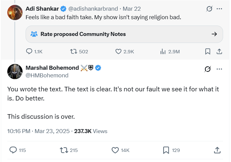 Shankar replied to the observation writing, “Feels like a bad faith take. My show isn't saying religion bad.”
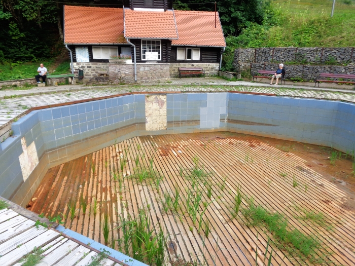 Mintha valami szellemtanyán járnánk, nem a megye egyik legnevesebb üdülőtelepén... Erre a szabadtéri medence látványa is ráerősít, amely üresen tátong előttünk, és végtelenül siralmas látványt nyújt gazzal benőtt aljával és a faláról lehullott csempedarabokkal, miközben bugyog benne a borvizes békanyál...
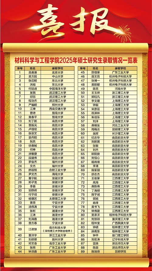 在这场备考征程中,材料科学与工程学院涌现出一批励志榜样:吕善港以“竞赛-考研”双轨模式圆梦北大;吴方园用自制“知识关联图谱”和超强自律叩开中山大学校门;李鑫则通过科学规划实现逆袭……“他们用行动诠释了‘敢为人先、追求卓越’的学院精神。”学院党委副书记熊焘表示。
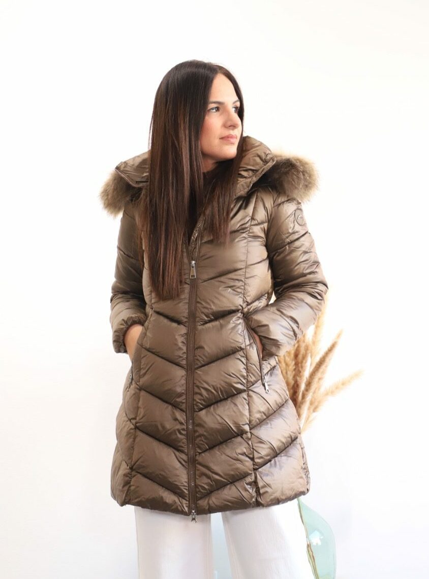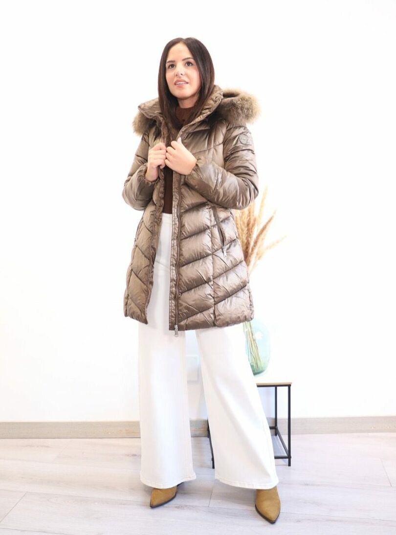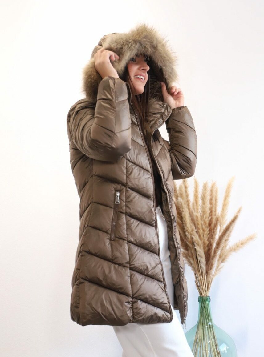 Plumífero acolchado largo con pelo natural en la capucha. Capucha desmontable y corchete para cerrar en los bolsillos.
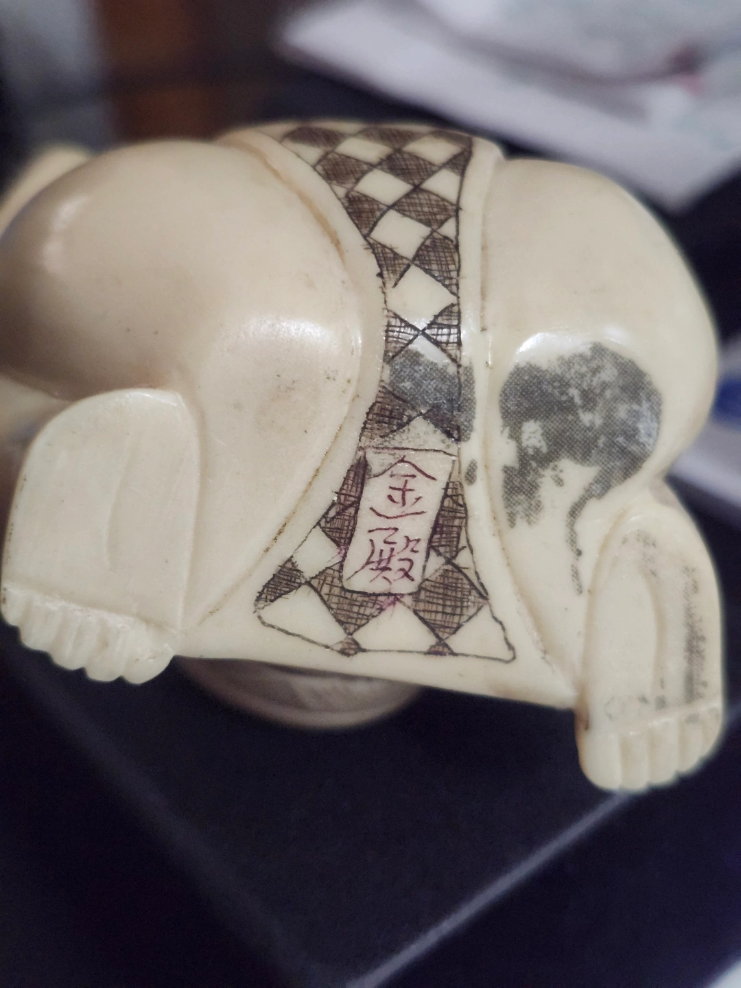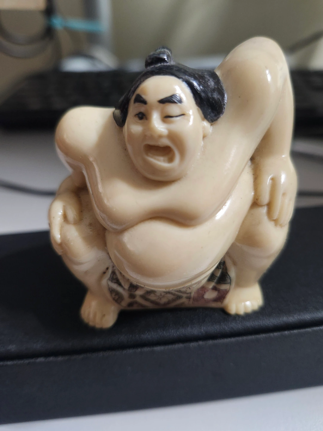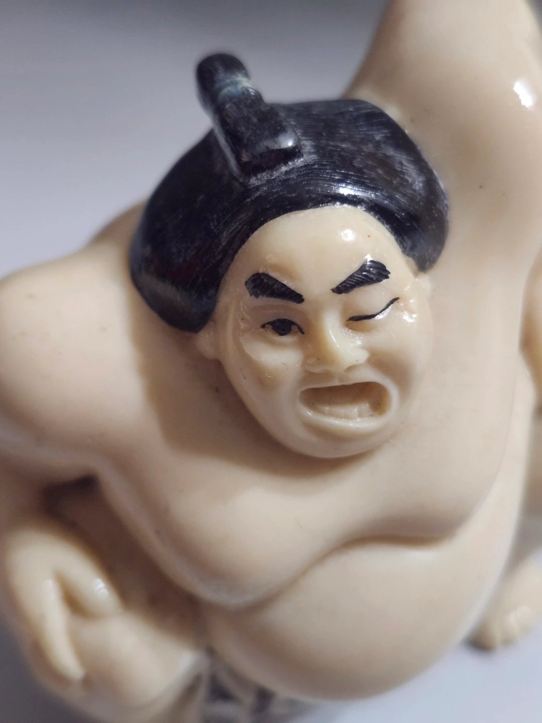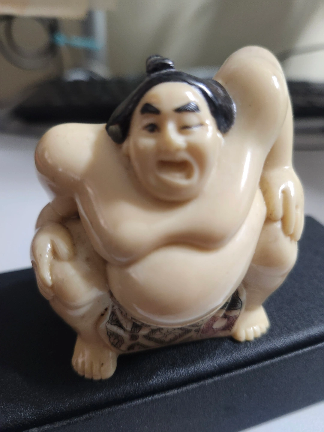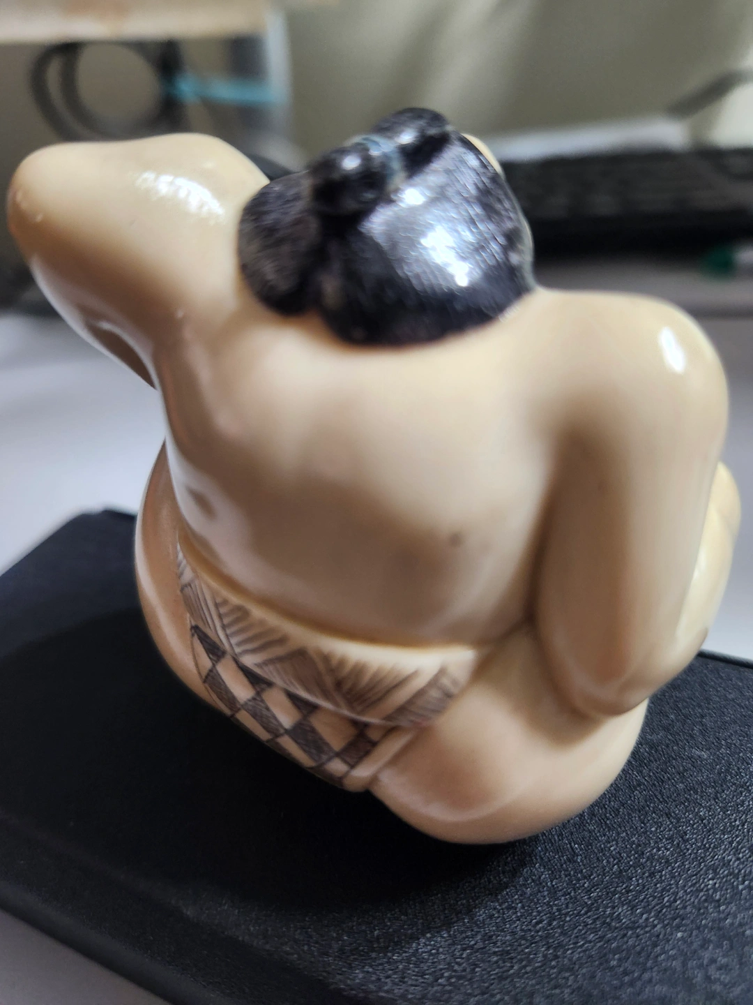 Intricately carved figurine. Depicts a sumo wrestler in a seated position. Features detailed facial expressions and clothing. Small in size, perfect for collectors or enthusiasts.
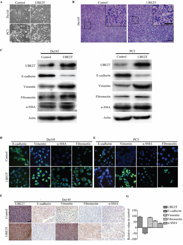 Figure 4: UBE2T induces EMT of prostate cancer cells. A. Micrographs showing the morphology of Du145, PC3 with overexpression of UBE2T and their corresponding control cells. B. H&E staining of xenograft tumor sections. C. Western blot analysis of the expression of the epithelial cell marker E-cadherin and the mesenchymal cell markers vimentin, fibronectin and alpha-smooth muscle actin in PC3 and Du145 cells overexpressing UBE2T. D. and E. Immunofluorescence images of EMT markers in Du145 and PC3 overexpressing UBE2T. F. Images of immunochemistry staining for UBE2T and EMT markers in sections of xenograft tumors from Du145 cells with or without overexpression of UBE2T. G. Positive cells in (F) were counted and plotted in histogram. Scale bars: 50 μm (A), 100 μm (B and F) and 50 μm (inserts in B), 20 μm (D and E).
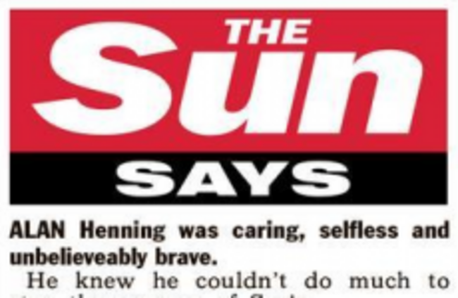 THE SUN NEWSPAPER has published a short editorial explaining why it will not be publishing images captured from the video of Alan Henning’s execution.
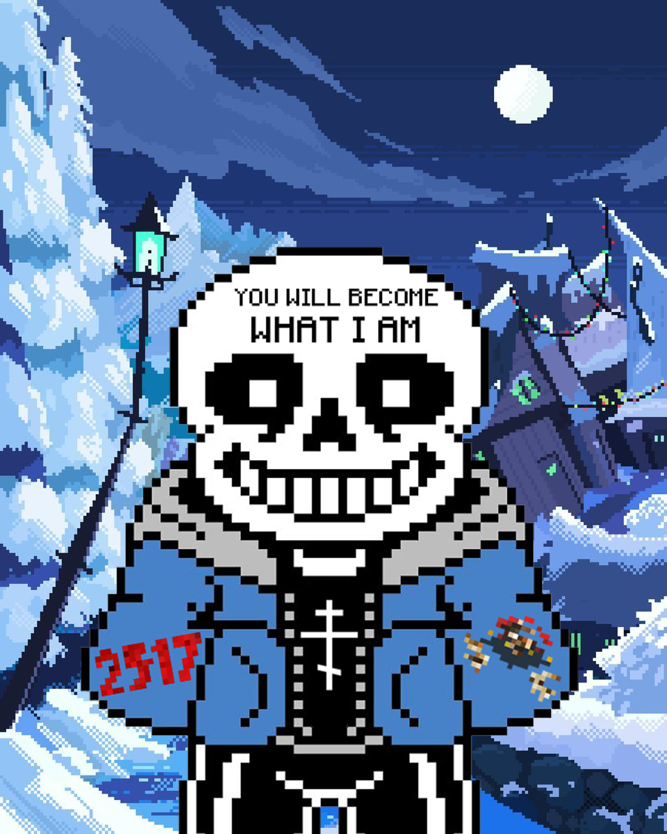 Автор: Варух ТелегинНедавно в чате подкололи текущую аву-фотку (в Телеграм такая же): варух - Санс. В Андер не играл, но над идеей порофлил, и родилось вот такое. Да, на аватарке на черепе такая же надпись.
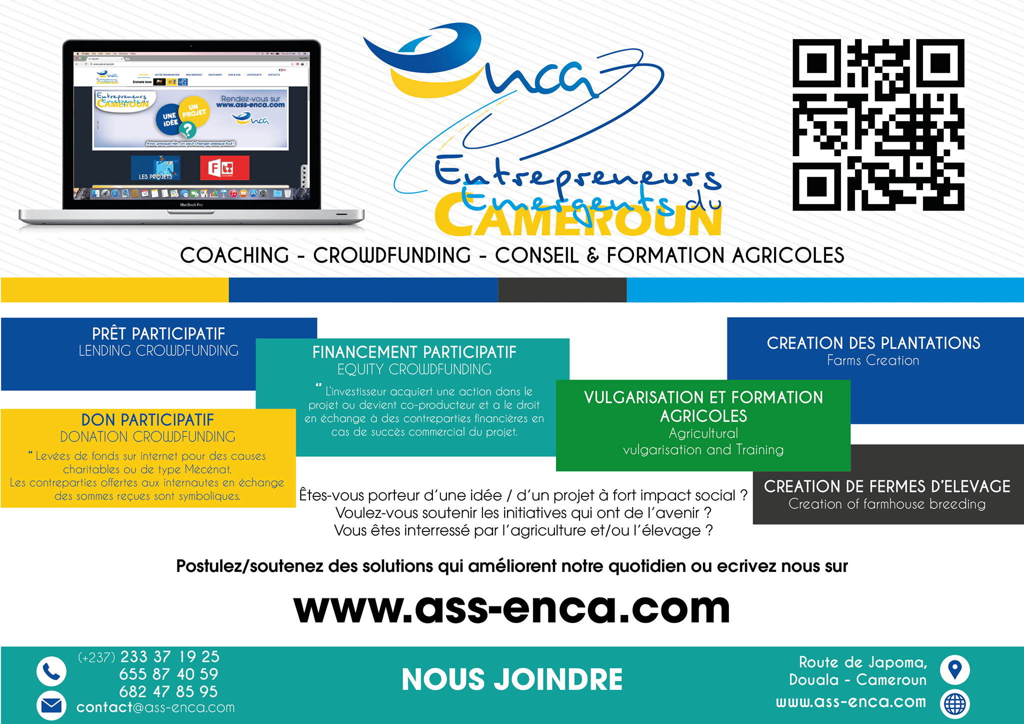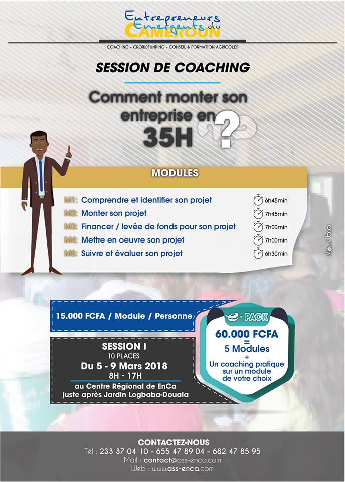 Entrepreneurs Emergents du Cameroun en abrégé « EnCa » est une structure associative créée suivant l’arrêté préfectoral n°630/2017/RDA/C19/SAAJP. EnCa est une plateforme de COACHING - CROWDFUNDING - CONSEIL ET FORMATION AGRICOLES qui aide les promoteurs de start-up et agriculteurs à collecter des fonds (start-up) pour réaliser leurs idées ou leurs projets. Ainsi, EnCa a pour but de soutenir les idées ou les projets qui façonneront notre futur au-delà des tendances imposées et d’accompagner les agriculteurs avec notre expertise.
============================================================
- _TASK STATEMENT_
Once the pictures are set aside, output the whole listing exactly.

- _EXERCISE RESULT_
 Shankar replied to the observation writing, “Feels like a bad faith take. My show isn't saying religion bad.”
 Mintha valami szellemtanyán járnánk, nem a megye egyik legnevesebb üdülőtelepén... Erre a szabadtéri medence látványa is ráerősít, amely üresen tátong előttünk, és végtelenül siralmas látványt nyújt gazzal benőtt aljával és a faláról lehullott csempedarabokkal, miközben bugyog benne a borvizes békanyál...
 在这场备考征程中,材料科学与工程学院涌现出一批励志榜样:吕善港以“竞赛-考研”双轨模式圆梦北大;吴方园用自制“知识关联图谱”和超强自律叩开中山大学校门;李鑫则通过科学规划实现逆袭……“他们用行动诠释了‘敢为人先、追求卓越’的学院精神。”学院党委副书记熊焘表示。
 Plumífero acolchado largo con pelo natural en la capucha. Capucha desmontable y corchete para cerrar en los bolsillos.
 Intricately carved figurine. Depicts a sumo wrestler in a seated position. Features detailed facial expressions and clothing. Small in size, perfect for collectors or enthusiasts.
 Figure 4: UBE2T induces EMT of prostate cancer cells. A. Micrographs showing the morphology of Du145, PC3 with overexpression of UBE2T and their corresponding control cells. B. H&E staining of xenograft tumor sections. C. Western blot analysis of the expression of the epithelial cell marker E-cadherin and the mesenchymal cell markers vimentin, fibronectin and alpha-smooth muscle actin in PC3 and Du145 cells overexpressing UBE2T. D. and E. Immunofluorescence images of EMT markers in Du145 and PC3 overexpressing UBE2T. F. Images of immunochemistry staining for UBE2T and EMT markers in sections of xenograft tumors from Du145 cells with or without overexpression of UBE2T. G. Positive cells in (F) were counted and plotted in histogram. Scale bars: 50 μm (A), 100 μm (B and F) and 50 μm (inserts in B), 20 μm (D and E).
 THE SUN NEWSPAPER has published a short editorial explaining why it will not be publishing images captured from the video of Alan Henning’s execution.
 Автор: Варух ТелегинНедавно в чате подкололи текущую аву-фотку (в Телеграм такая же): варух - Санс. В Андер не играл, но над идеей порофлил, и родилось вот такое. Да, на аватарке на черепе такая же надпись.
 Entrepreneurs Emergents du Cameroun en abrégé « EnCa » est une structure associative créée suivant l’arrêté préfectoral n°630/2017/RDA/C19/SAAJP. EnCa est une plateforme de COACHING - CROWDFUNDING - CONSEIL ET FORMATION AGRICOLES qui aide les promoteurs de start-up et agriculteurs à collecter des fonds (start-up) pour réaliser leurs idées ou leurs projets. Ainsi, EnCa a pour but de soutenir les idées ou les projets qui façonneront notre futur au-delà des tendances imposées et d’accompagner les agriculteurs avec notre expertise.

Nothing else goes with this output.